The entries below contain pictures. Write out only the lines from the line with "Oriental zen turquoise" up to and including the line with "蔬果的面積是普通門店的1.4", exactly, without them.

[Dataset items]
═══
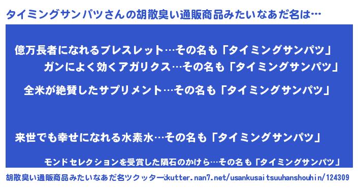 | 意味不明あだ名 | 『とにかく怪しいタイミングサンパツ』 |
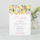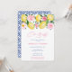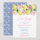 A Baby Girl is on the way! Celebrate with this pretty and fashionable invitations featuring vibrant watercolor lemons and glossy green leaves with pretty pink watercolor roses and peonies, complemented by cobalt blue and white tile reverse.
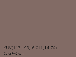 YUV 113.193,-6.011,14.74 Color is a normal red color and the nearest color is Sand Dune #826f65. Hex code #826b65 and RGB value is rgb(130,107,101). In RGB color space, this color is composed of 51% red, 42% green, 40% blue, In CMYK color space, this color is composed of 0% cyan, 18% magenta, 22% yellow , 49% black , In HSL color space, this color has a hue angle of 12° , 13% saturation and 45% lightness.
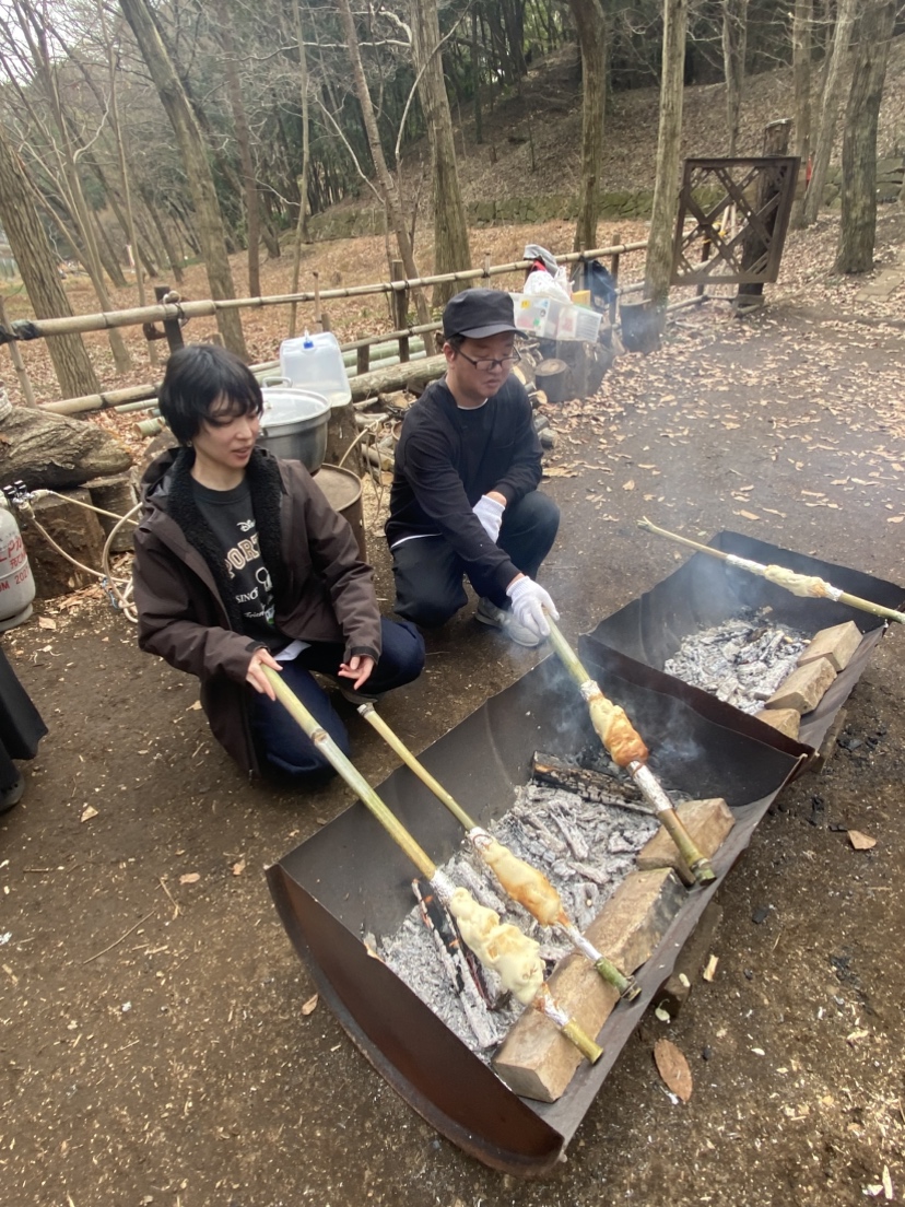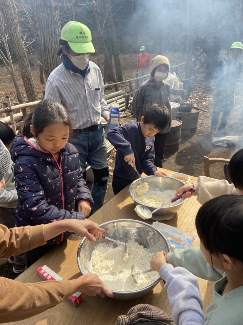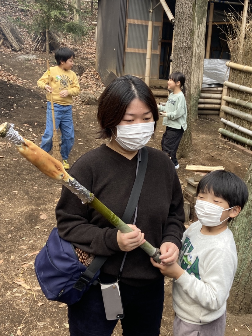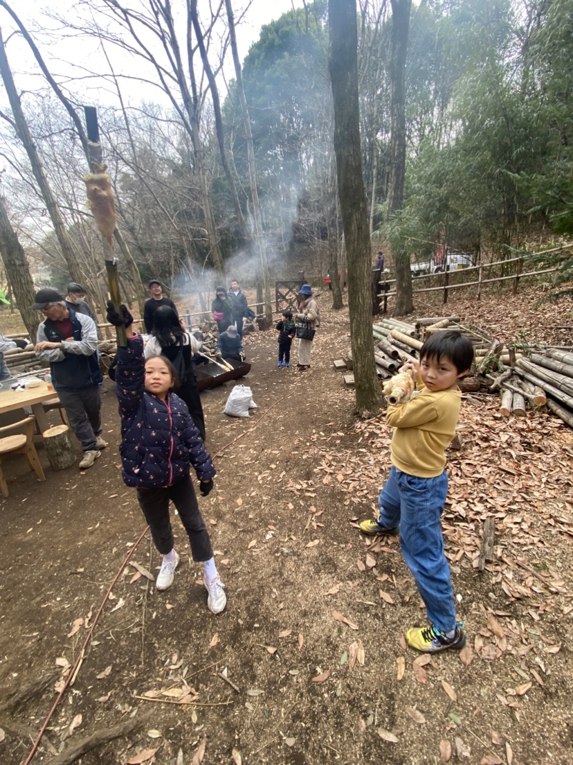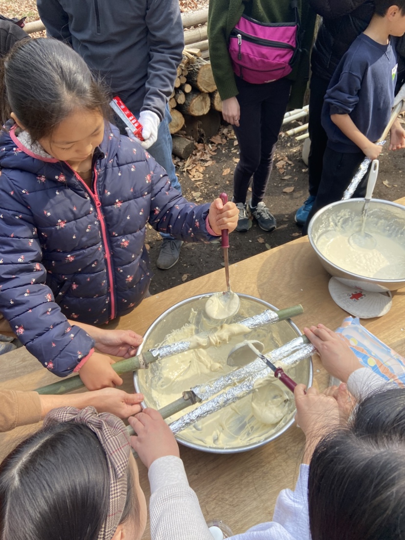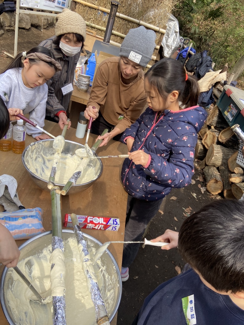 作業がひと段落したのでお昼をみんなで食べました。大勢で賑やかに食べる外飯は楽しく美味しいですね。今回はおまけにバームクーヘンも作ってみました。ホットケーキミックスで生地を作って、竹にアルミホイルを巻いて芯にします。生地を薄く塗って、焚き火の火にかざして焼きます。焼き色がついたら生地を塗って焼きます。これを繰り返して年輪を重ねて太くしたら出来上がりです。根気のいる作業なので何人かの子供は飽きてどこかへ・・・。でも、出来上がったバームクーヘンは美味しく頂きました。
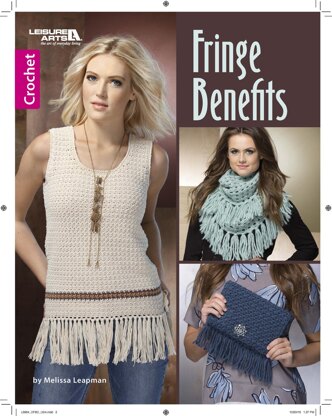 Leisure Arts Fringe Benefits Crochet eBook- Crochet fringed fashions that rock. These trendy designs prove that fringe can go anywhere and everywhere. Just a little bit adds edgy style to eight simple fashions. Easy level projects with size 4 medium or size 5 bulky weight yarn. Uses F, G, H, I and K crochet hooks. Designs include boho vest, sizes small to 2X, bracelet, bags, poncho, cowls and a scoopneck top sizes small to 3X. 34 page PDF download.
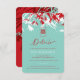 Oriental zen turquoise blue, red and white bamboo leaves with a red/white simple minimalist rectangle double happiness symbol wedding enclosure card. An elegant and stylish chinese / oriental / asian themed wedding design which is modern, simple and classy.
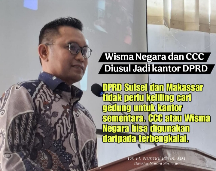 Direktur pada Lembaga Kebijakan Publik dan Politik, Nurani Strategic, Dr. Nurmal Idrus, MM, menyarankan kedua lembaga perwakilan itu menggunakan saja Gedung CCC di Tanjung Bunga, yang selama ini tak maksimal digunakan. “Gedung CCC saya kira layak. Daripada menggunakan gedung unit kerja lain yang pasti akan menganggu kinerja unit kerja disitu. Dari sisi kelayakan bangunan dan parkir juga sangat bagus di sana (CCC),” ujarnya.
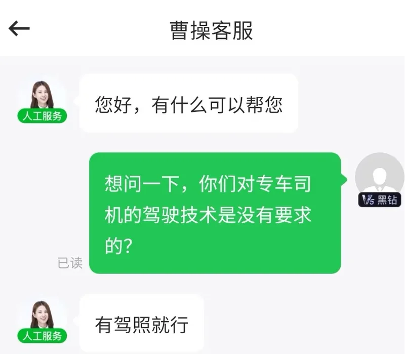 然而,有用户曾在对专车司机的驾驶技术不太满意时,咨询了曹操出行的客服并询问“对专车司机的驾驶技术是没有要求的?”客服表示,“有驾照就行”。
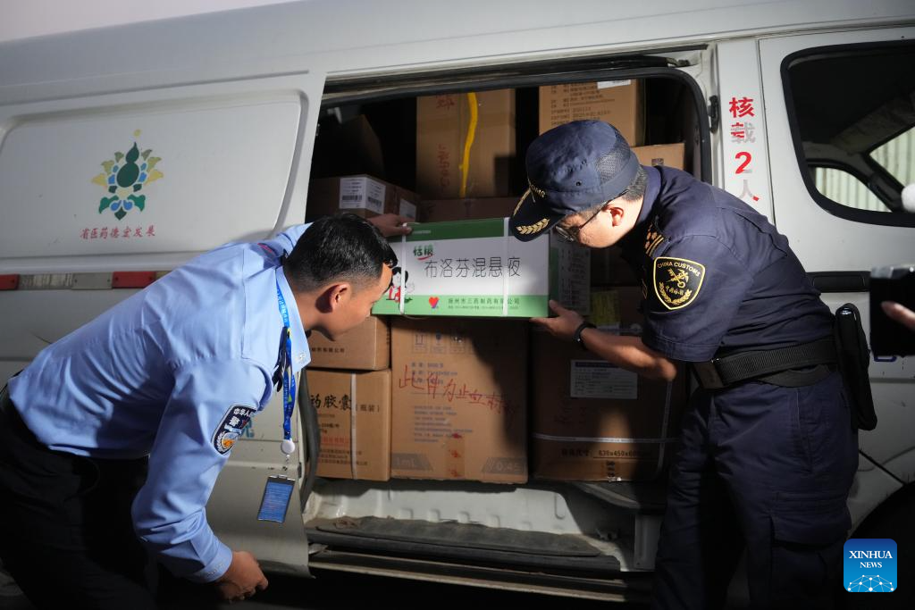 Staff members check medicine to be sent to Myanmar for earthquake relief at a land port in Ruili, southwest China's Yunnan Province, March 29, 2025. Yunnan Province has sent relief supplies to Myanmar on Saturday, after a massive earthquake jolted the Southeast Asian country on Friday. (Xinhua/Chen Xinbo)
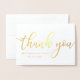 Cartão Metalizado Modern Obrigado Foto do Casal de Casamento Dourada
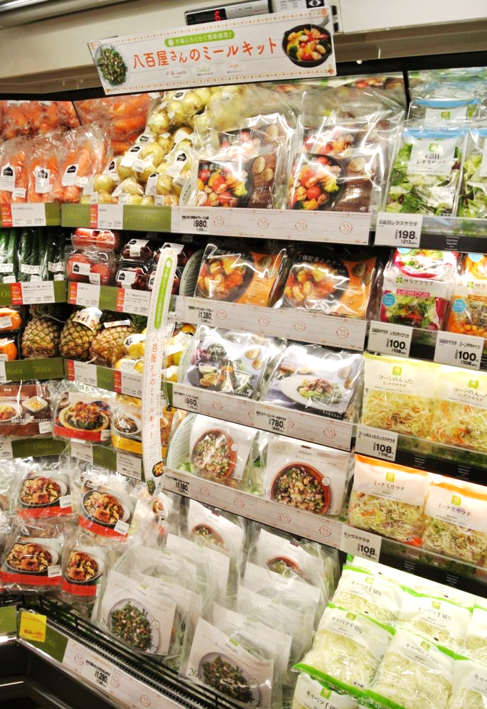 蔬果的面積是普通門店的1.4倍,增加有機(jī)蔬果、店內(nèi)水培蔬菜等新品類,擴(kuò)充店內(nèi)手工加工的沙拉、果切等的品項(xiàng)數(shù),包括100%使用有機(jī)蔬菜的沙拉。增加半成品預(yù)制菜,包括Oisix半成品菜(Meal Kit)、八百屋的半成品菜等。強(qiáng)化高端商品線,如5980日元的蜜瓜,3980日元的黑松露以及各種水果禮盒。
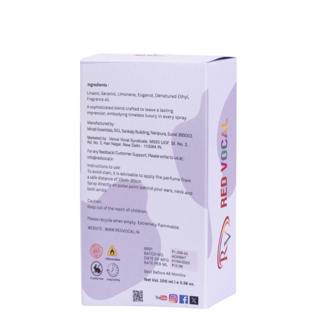 Perfect for those who appreciate oriental finesse, Red Vocal White Oud delivers a long-lasting aura of class and grace – making it ideal for everyday wear, festive gatherings, or intimate evenings.
═══
* Solution to this problem *
 Oriental zen turquoise blue, red and white bamboo leaves with a red/white simple minimalist rectangle double happiness symbol wedding enclosure card. An elegant and stylish chinese / oriental / asian themed wedding design which is modern, simple and classy.
 Direktur pada Lembaga Kebijakan Publik dan Politik, Nurani Strategic, Dr. Nurmal Idrus, MM, menyarankan kedua lembaga perwakilan itu menggunakan saja Gedung CCC di Tanjung Bunga, yang selama ini tak maksimal digunakan. “Gedung CCC saya kira layak. Daripada menggunakan gedung unit kerja lain yang pasti akan menganggu kinerja unit kerja disitu. Dari sisi kelayakan bangunan dan parkir juga sangat bagus di sana (CCC),” ujarnya.
 然而,有用户曾在对专车司机的驾驶技术不太满意时,咨询了曹操出行的客服并询问“对专车司机的驾驶技术是没有要求的?”客服表示,“有驾照就行”。
 Staff members check medicine to be sent to Myanmar for earthquake relief at a land port in Ruili, southwest China's Yunnan Province, March 29, 2025. Yunnan Province has sent relief supplies to Myanmar on Saturday, after a massive earthquake jolted the Southeast Asian country on Friday. (Xinhua/Chen Xinbo)
 Cartão Metalizado Modern Obrigado Foto do Casal de Casamento Dourada
 蔬果的面積是普通門店的1.4倍,增加有機(jī)蔬果、店內(nèi)水培蔬菜等新品類,擴(kuò)充店內(nèi)手工加工的沙拉、果切等的品項(xiàng)數(shù),包括100%使用有機(jī)蔬菜的沙拉。增加半成品預(yù)制菜,包括Oisix半成品菜(Meal Kit)、八百屋的半成品菜等。強(qiáng)化高端商品線,如5980日元的蜜瓜,3980日元的黑松露以及各種水果禮盒。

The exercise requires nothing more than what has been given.